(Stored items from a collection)

──────────

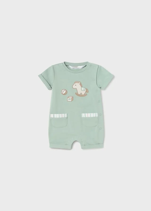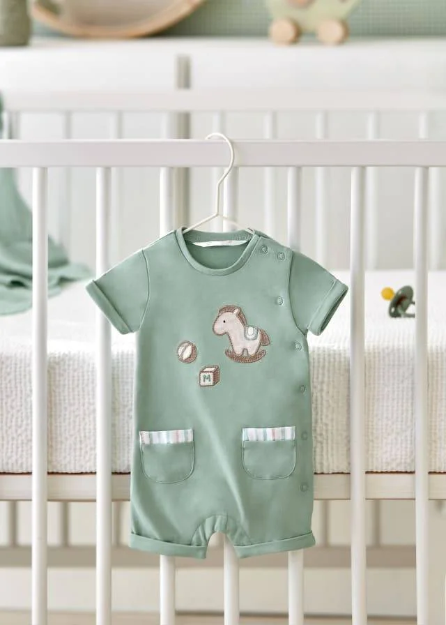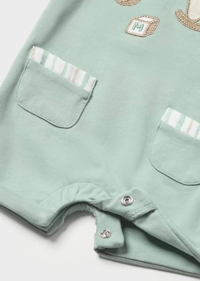 Il design del pagliaccetto Mayoral verde con taschine รจ funzionale e pratico. Si apre facilmente con bottoni automatici sulla parte anteriore e inferiormente, permettendo di vestire e svestire il bambino in modo rapido e semplice. Le taschine sono posizionate sui lati del pagliaccetto, utili per riporre piccoli oggetti come ciucci o bavaglini.
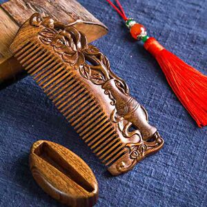黑金檀富贵平安双面雕花梳14cm不带流苏
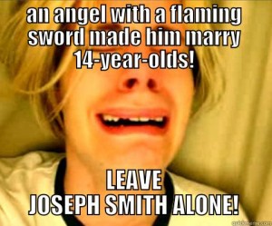 Some of these apologist sites act like the real victim in all of this is poor old Joseph Smith. If only we could see how scary it was for him to be threatened by that angel!
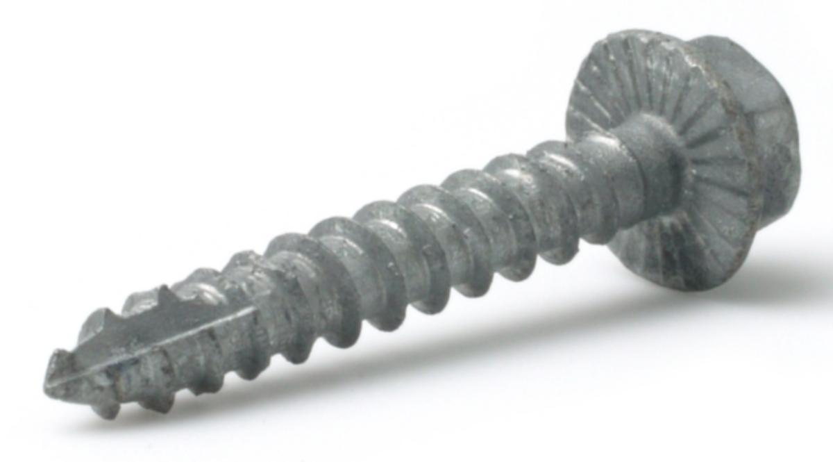 Trägänga med cutterspets. Sexkantskruv med fläns och rillor under huvudet. Stål 8,8 varmförzinkad.
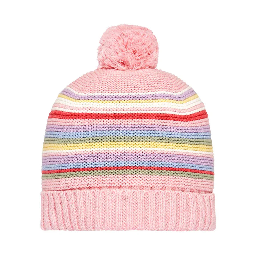 A vibrant rainbow jacquard pattern distinguishes this whimsical Toshi beanie.
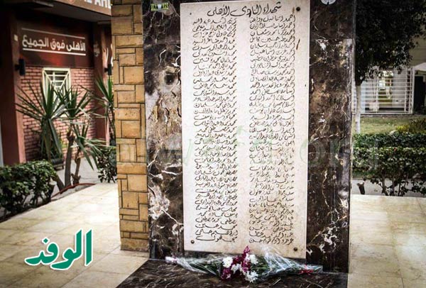 وقام أهالي الشهداء بقراءة الفاتحة أمام النصب التذكاري الذي شيد داخل مقر النادي بالجزيرة، لتخليد ذكرى الشهداء.
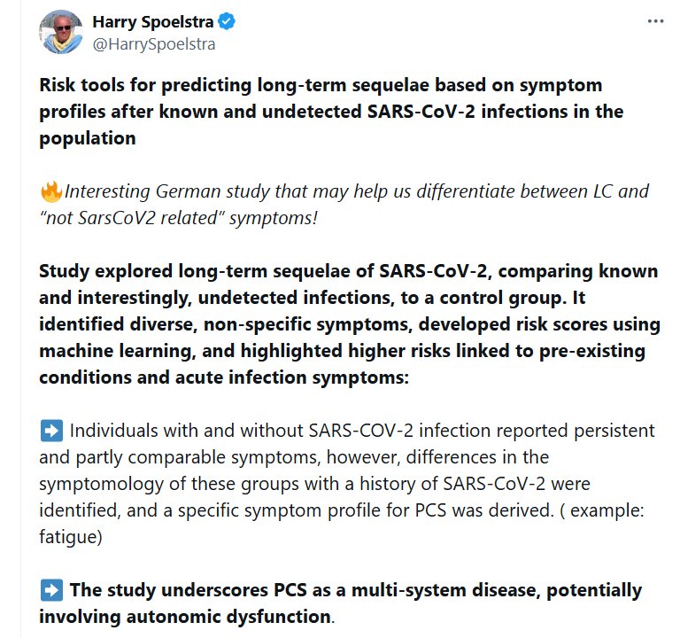 DR. Harry Spoelstra @HarrySpoelstra Herramientas de riesgo para predecir secuelas a largo plazo basadas en perfiles de síntomas tras infecciones por SARS-CoV-2 conocidas y no detectadas en la población. 🔥¡Interesante estudio alemán que podría ayudarnos a diferenciar entre el CP y los síntomas no relacionados con el SARS-CoV-2!
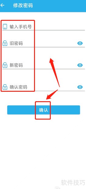4、 进入密码修改页面,填写手机号、旧密码及新密码并确认。
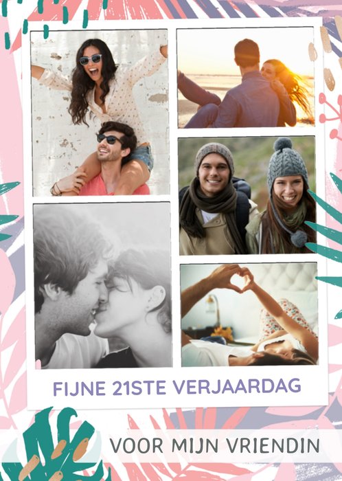 Vrolijke verjaardagskaart met plek voor 5 foto's en de tekst: Fijne 21ste verjaardag voor mijn vriendin. De tekst is aanpasbaar.
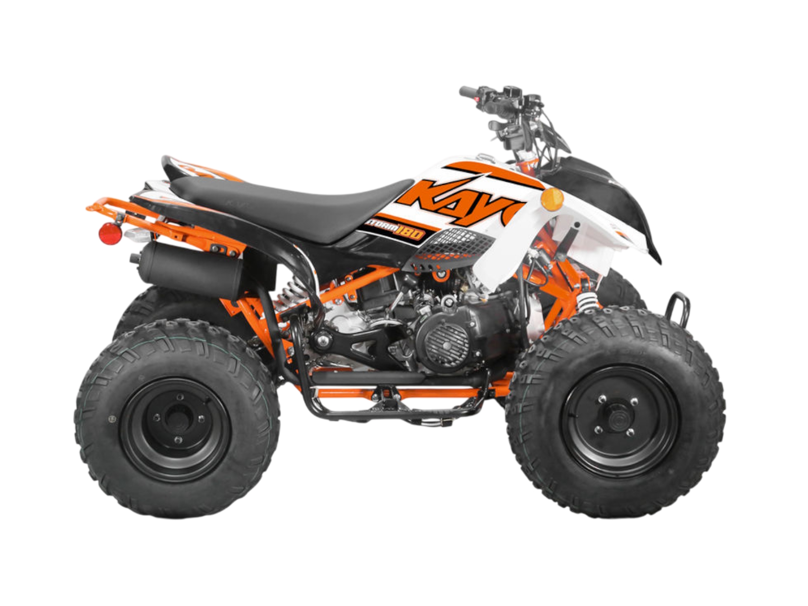 The Storm 180 is a great unit for riders 16 years and older. A low maintenance 4-stroke engine delivers great power and it has a automatic CVT transmission with reverse! The Storm 180 is easy to steer due to the excellent suspension components, yet does not sacrifice ride comfort on the trails and rigged terrain. Combine this engine and suspension with a strong, light weight frame and you have a great ATV suitable for a wide range of riders. The Storm 180 is covered by a 6-month limited warranty.
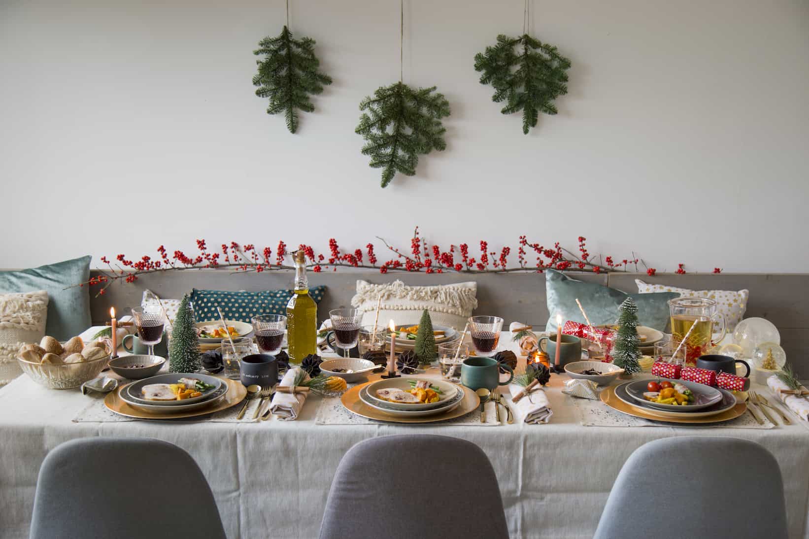 Neem voor een diner met de familie als basis een tafelkleed met bijpassende servetten in een neutrale kleur. Dit geeft je eettafel gelijk een luxe uitstraling. Combineer dit met servies en bestek in een kleurthema. Wij kozen dit jaar voor goud en aqua groen met een aantal rode details. Dit ziet er heel feestelijk uit, maar zorg er ook voor dat het niet te stijf wordt als je met kinderen gaat eten. We voegden ook nog wat bessen- en kersttakken toe voor de speelsheid.

──────────

* ACTIVITY: When you reach the line with "وقام أهالي الشهداء" in the records above, begin repeating the lines exactly, and stop after the line with "4、 进入密码修改页面,填写手机号、旧密码及新密码并确认。". Skip all pictures.

* YOUR RESPONSE:
 وقام أهالي الشهداء بقراءة الفاتحة أمام النصب التذكاري الذي شيد داخل مقر النادي بالجزيرة، لتخليد ذكرى الشهداء.
 DR. Harry Spoelstra @HarrySpoelstra Herramientas de riesgo para predecir secuelas a largo plazo basadas en perfiles de síntomas tras infecciones por SARS-CoV-2 conocidas y no detectadas en la población. 🔥¡Interesante estudio alemán que podría ayudarnos a diferenciar entre el CP y los síntomas no relacionados con el SARS-CoV-2!
4、 进入密码修改页面,填写手机号、旧密码及新密码并确认。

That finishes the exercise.